# Schwerkraftfilter selber Bauen



## ikke (4. Mai 2014)

Hallo liebe Teichfreunde.
Da mir bei meiner Frage zum Teichbau hier sehr weiter geholfen wurde, habe ich mich entschlossen hier noch einige Fragen zur Technik zu stellen.

Da mein Teich auf anraten der anderen User jetzt von 10.000 auf ca. 25.000 Liter wachsen wird, habe ich jetzt das Problem mit der Filterung zu lösen.
Meine Fragen.
Der Teich soll ein Naturteich (nicht zuviel Natur) mit Fischbesatz werden. Habe mir gedacht einen Bodenablauf und einen Skimmer ähnlich den von OASE zu verwenden.
Habe schon viel über Tonnenfilter im Eigenbau gelesen.( Bekomme ich hin, baue ja auch Flugzeuge)
Aber da gibt es so viele verschiedene Aussagen.(verbinden mit KG 100 oder KG 50  Flansche oder Gummidichtung. Rund oder Eckig Vortex ja nein) bin echt verwirrt und möchte nicht 2 mal anfangen.
Außerdem brauchen die aber ja sehr viel Platz. 

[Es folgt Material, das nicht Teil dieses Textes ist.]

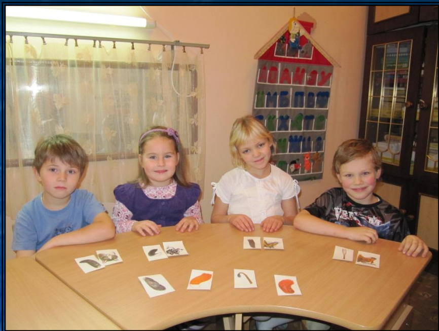
Игра: Чей хвост?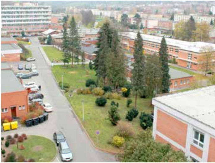
MHD by mohla dopravě v areálu ulevit.

hodinou ranní a 15. a 16. hodinou odpolední. „Linka MHD v nemocnici nebo těsně u ní by mohla výrazně snížit počet aut v areálu. Narazili jsme ale na problém trasy případného autobusu – průjezd nemocničním areálem není možný bez stavebních úprav. Například některé zatáčky jsou příliš úzké. Proto zvažujeme i variantu vytvoření zastávek podél nemocnice,“ uvedl ekonomicko-provozní náměstek Vlastimil Vajdák a dodal, že ještě budou probíhat další jednání s městem Zlínem. „Do konce roku bychom snad mohli mít jasno,“ konstatoval. [dl]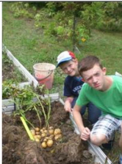
Рис. 5. Сбор урожая.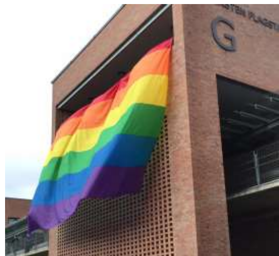
Under Mangfoldsmarkering ble det flagget med Pride-flagget på Universitetet i Agder.

Universitetet i Agder etterstreber å være et ikke-diskriminerende universitet, og ønsker at alle skal føle seg inkludert og velkommen som ansatt og student. I august arrangerte derfor Senter for likestilling, Studentskipnaden i Agder (SIA), Tilretteleggingskontoret ved Universitetet i Agder og Kafe Campus Mangfoldsmarkeringen i studentkantina på Universitetet i Agder, Campus Kristiansand. Arrangementet ble holdt under Skeive Sørlandsdager. Senteret jobber for at Mangfoldsmarkeringen skal bli et årlig arrangement på begynnelsen av studiestart.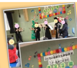
洗足学園 クリスマスコンサート @二子こ文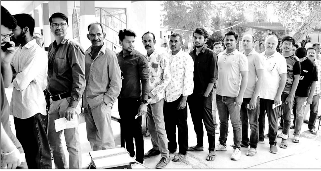
जयपुर के मतदान केंद्रों पर सुबह 6 बजे से ही वोटिंग के लिए लोगों की कतारें लगना शुरू हो गईं। सुबह 7 बजे जैसे ही वोटिंग शुरू हुई तो लोगों ने बारी-बारी से अपने प्रत्याशियों के पक्ष में मतदान किया।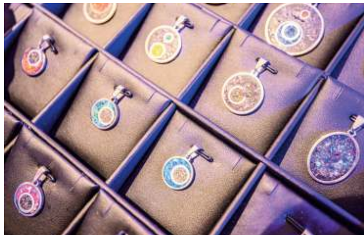
Bijoux faits main de David Giacomini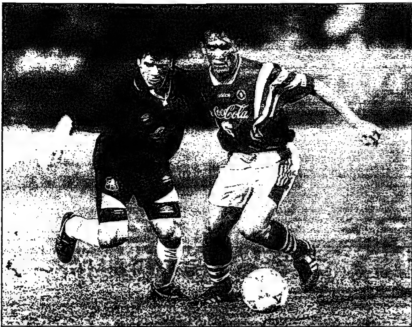
جيفرانتو كرو لولا زوب تشيلسي والى اليسار، ينافس كوكام لاعب جنوب الصين على الكرة

مانشستر (أنتلتر) - رويتز: هلم جين هودل للعب للفريق المنتخب الإنجليزي لكرة القدم روي ليفانز محارب نادي ليفربول الانكليزي بعد انسحاب لاعبي الفريق منتخب مكمانامان وروي فولر من المنتخب في مبارياته لخمس للقليل. وانتقد هودل قرار ليفانز سحب اللاعبين وقال انه مله للاستهياء خاصة بانني لم اعد الامر الى ان اعتدت تشكيل للفريق. وانسحب فولر في استجريه له عملية جراحية في الالف علاج مشكلة في التنفس بينما يعاني مكمانامان من اصابة في الركبة بحالة في راحة.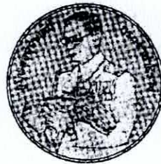
ด้านหน้า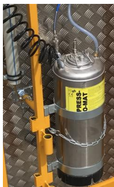
Sprühergerät 10 Liter

Vorteile: - Zeitersparnis, da das Einsprühen innert 4 Sek. passiert - Kein gefährliches rumklettern an der Thermomulde - Keine Absturzgefahr, dadurch keine unfallbedingten Arbeitsausfälle - Kein Einatmen von gesundheitsschädlichen Dämpfen - Einfaches und sicheres Betanken aus Grossgebinden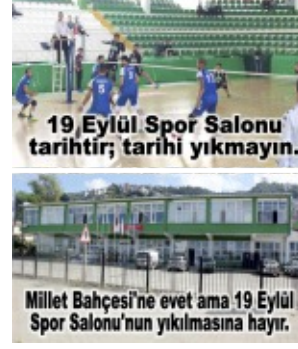
19 Eylül Spor Salonu tarihî fotoğrafı.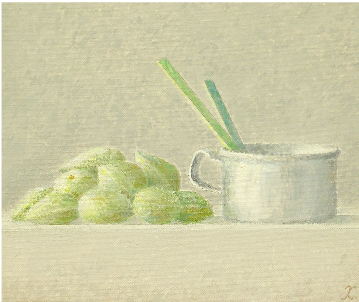
"Almendras verdes". Óleo sobre lienzo. 22 x 27 cm. 2000.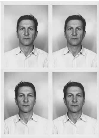
Same but Different , 2018 Leuchtkasten, Aluminium weiss eloxiert, LED 73 x 133 cm x 10 cm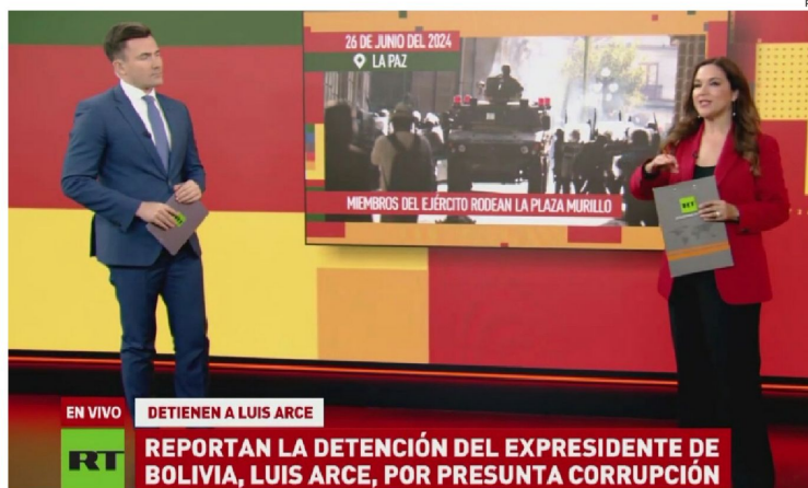
Captura de pantalla de un programa de RT, señalado por ser un medio de desinformación ruso.

Mientras unos anuncian la conformación de una comisión especial para la investigación, desde la Comisión de Política Internacional no se descarta solicitar una explicación a la representación diplomática rusa en Bolivia para asumir las medidas legales.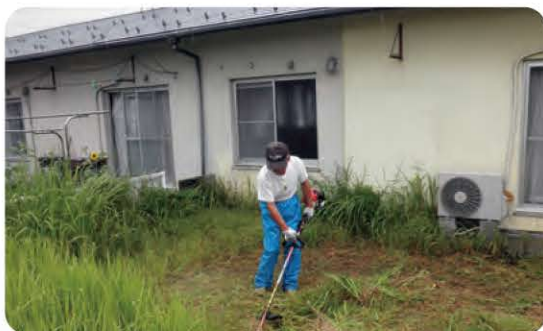
高齢者ファミリーサポートシステム 一人暮らしの高齢者のお宅で草刈り作業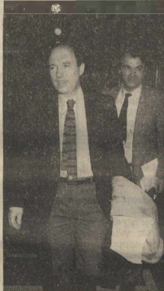
Ο κ. Σημίτης φεύγει από τη θέση του. Θα φύγει μαζί του και η μετριοπαθής οικονομική του πολιτική.

Στο μεταξύ επιβεβαιώθηκε χθες το μεσημέρι και επίσημα (και μεταδόθηκε από τα κρατικά μέσα) η προχθεσινή παραίτηση του υπουργού Εθνικής Οικονομίας κ. Κ. Σημίτη και δόθηκαν στη δημοσιότητα οι ανταλλαγιστές με τον Πρωθυπουργό επιστολές. Ο κ. Συνέχεια στη σελ. 14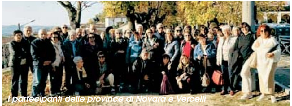
I partecipanti delle province di Novara e Vercelli

L'iniziativa ha riscosso grande interesse e partecipazione, con-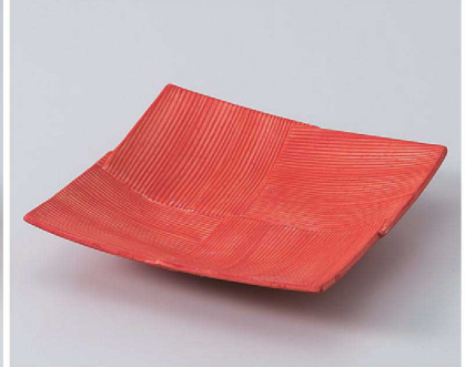
22-103-303 3,100円 ローズ赤 市松正角5.0皿 (15.5×15.5×5.7)

Habe auch schon mal gesehen das nur eine Tonne im Boden ist um den Pumpenweg zu verkürzen.
Gibt es auch günstige fertige Filter die auch vom Stromverbrauch interessant sind?
Wie Ihr seht bin ich da voll der Laie,

Habe mal ein Bild vom Teichentwurf beigefügt.
Mehr geht nicht da ich mich noch 2 Wochen im Ausland befinde.
Wollte aber schon mal so einiges bestellen.
(Langeweile, 4 Wochen Dienstreise mit Vollpesion)
Danke im voraus.
Evt hat ja auch jemand Bilder von seinen Filter die er Posten kann.


----------



## Tottoabs (4. Mai 2014)

Ich würde vielleicht deine 30 cm Bereiche etwas verkleinern und die 70 cm Bereiche etwas vergrößern. Den Tiefbereich  bis 1,50 runnter. Von wo gehst du an den Teich? Scheint der Bereich zu sein wo die Tiefe bis 70 cm ist. Das ist gut.
Wenn die Terrasse bisschen über den Teich kragt kannst du da deine Technik drunter verstecken. Brauchst nur unter dem Holz einbauen und da einen Klappe mit rein basteln.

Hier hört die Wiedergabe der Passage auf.